YOUR ASSIGNMENT —
Read the data below. Then repeat all of it exactly.

COLLECTED DATA —
=== Begin Enclosure ===

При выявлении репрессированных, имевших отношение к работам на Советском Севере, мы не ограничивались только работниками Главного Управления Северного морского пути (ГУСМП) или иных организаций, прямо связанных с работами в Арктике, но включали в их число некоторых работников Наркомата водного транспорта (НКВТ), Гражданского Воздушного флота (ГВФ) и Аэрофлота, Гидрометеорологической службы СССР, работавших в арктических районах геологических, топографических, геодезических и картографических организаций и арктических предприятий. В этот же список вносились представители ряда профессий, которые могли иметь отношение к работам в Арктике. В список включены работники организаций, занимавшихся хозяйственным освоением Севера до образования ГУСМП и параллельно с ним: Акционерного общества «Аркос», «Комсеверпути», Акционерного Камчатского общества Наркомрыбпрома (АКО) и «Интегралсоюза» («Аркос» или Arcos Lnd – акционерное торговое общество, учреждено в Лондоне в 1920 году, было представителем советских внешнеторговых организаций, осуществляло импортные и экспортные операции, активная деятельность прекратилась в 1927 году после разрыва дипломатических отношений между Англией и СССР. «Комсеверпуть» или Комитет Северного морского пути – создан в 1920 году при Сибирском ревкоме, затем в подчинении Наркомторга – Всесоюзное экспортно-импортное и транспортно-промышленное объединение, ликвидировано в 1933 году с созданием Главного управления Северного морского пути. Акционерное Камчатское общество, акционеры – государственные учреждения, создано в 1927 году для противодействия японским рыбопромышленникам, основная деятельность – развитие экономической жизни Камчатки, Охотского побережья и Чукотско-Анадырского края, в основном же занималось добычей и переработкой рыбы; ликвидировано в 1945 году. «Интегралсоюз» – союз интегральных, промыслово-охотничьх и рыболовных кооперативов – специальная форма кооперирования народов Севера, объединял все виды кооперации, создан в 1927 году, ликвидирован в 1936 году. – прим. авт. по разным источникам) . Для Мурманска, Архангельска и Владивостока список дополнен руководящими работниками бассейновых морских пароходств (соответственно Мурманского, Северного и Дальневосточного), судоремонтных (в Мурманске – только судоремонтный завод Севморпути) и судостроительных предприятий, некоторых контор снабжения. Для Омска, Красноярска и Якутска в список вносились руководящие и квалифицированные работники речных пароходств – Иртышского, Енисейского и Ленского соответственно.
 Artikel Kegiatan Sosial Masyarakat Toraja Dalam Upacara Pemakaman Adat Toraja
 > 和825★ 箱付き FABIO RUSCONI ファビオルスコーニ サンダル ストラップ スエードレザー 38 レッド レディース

=== End Enclosure ===

EXERCISE ANSWER —
При выявлении репрессированных, имевших отношение к работам на Советском Севере, мы не ограничивались только работниками Главного Управления Северного морского пути (ГУСМП) или иных организаций, прямо связанных с работами в Арктике, но включали в их число некоторых работников Наркомата водного транспорта (НКВТ), Гражданского Воздушного флота (ГВФ) и Аэрофлота, Гидрометеорологической службы СССР, работавших в арктических районах геологических, топографических, геодезических и картографических организаций и арктических предприятий. В этот же список вносились представители ряда профессий, которые могли иметь отношение к работам в Арктике. В список включены работники организаций, занимавшихся хозяйственным освоением Севера до образования ГУСМП и параллельно с ним: Акционерного общества «Аркос», «Комсеверпути», Акционерного Камчатского общества Наркомрыбпрома (АКО) и «Интегралсоюза» («Аркос» или Arcos Lnd – акционерное торговое общество, учреждено в Лондоне в 1920 году, было представителем советских внешнеторговых организаций, осуществляло импортные и экспортные операции, активная деятельность прекратилась в 1927 году после разрыва дипломатических отношений между Англией и СССР. «Комсеверпуть» или Комитет Северного морского пути – создан в 1920 году при Сибирском ревкоме, затем в подчинении Наркомторга – Всесоюзное экспортно-импортное и транспортно-промышленное объединение, ликвидировано в 1933 году с созданием Главного управления Северного морского пути. Акционерное Камчатское общество, акционеры – государственные учреждения, создано в 1927 году для противодействия японским рыбопромышленникам, основная деятельность – развитие экономической жизни Камчатки, Охотского побережья и Чукотско-Анадырского края, в основном же занималось добычей и переработкой рыбы; ликвидировано в 1945 году. «Интегралсоюз» – союз интегральных, промыслово-охотничьх и рыболовных кооперативов – специальная форма кооперирования народов Севера, объединял все виды кооперации, создан в 1927 году, ликвидирован в 1936 году. – прим. авт. по разным источникам) . Для Мурманска, Архангельска и Владивостока список дополнен руководящими работниками бассейновых морских пароходств (соответственно Мурманского, Северного и Дальневосточного), судоремонтных (в Мурманске – только судоремонтный завод Севморпути) и судостроительных предприятий, некоторых контор снабжения. Для Омска, Красноярска и Якутска в список вносились руководящие и квалифицированные работники речных пароходств – Иртышского, Енисейского и Ленского соответственно.
 Artikel Kegiatan Sosial Masyarakat Toraja Dalam Upacara Pemakaman Adat Toraja
 > 和825★ 箱付き FABIO RUSCONI ファビオルスコーニ サンダル ストラップ スエードレザー 38 レッド レディース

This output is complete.